▶ **What is required**
When you reach the line below that has "但DeFi真正让让市场感到有", start returning lines exactly, and stop after the line that has "Donald Trump a fêté"; skip the pictures.
==== Material shown
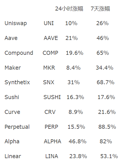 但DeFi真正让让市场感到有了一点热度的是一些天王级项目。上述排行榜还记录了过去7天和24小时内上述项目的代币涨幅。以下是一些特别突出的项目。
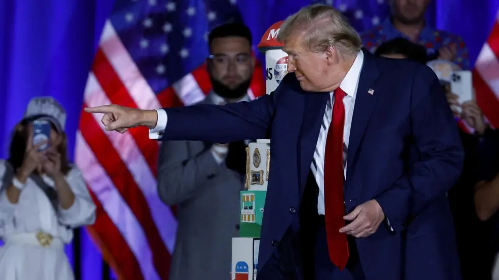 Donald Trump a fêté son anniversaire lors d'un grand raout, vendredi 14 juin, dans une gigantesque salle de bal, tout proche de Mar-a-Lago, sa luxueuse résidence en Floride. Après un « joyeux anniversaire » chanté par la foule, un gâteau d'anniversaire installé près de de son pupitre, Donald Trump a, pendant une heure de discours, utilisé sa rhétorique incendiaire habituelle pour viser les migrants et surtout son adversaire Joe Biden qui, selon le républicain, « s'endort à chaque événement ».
========
==== Material shown
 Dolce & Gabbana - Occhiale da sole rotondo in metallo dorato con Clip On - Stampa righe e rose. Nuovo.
========
▶ **Response to this task**
 但DeFi真正让让市场感到有了一点热度的是一些天王级项目。上述排行榜还记录了过去7天和24小时内上述项目的代币涨幅。以下是一些特别突出的项目。
 Donald Trump a fêté son anniversaire lors d'un grand raout, vendredi 14 juin, dans une gigantesque salle de bal, tout proche de Mar-a-Lago, sa luxueuse résidence en Floride. Après un « joyeux anniversaire » chanté par la foule, un gâteau d'anniversaire installé près de de son pupitre, Donald Trump a, pendant une heure de discours, utilisé sa rhétorique incendiaire habituelle pour viser les migrants et surtout son adversaire Joe Biden qui, selon le républicain, « s'endort à chaque événement ».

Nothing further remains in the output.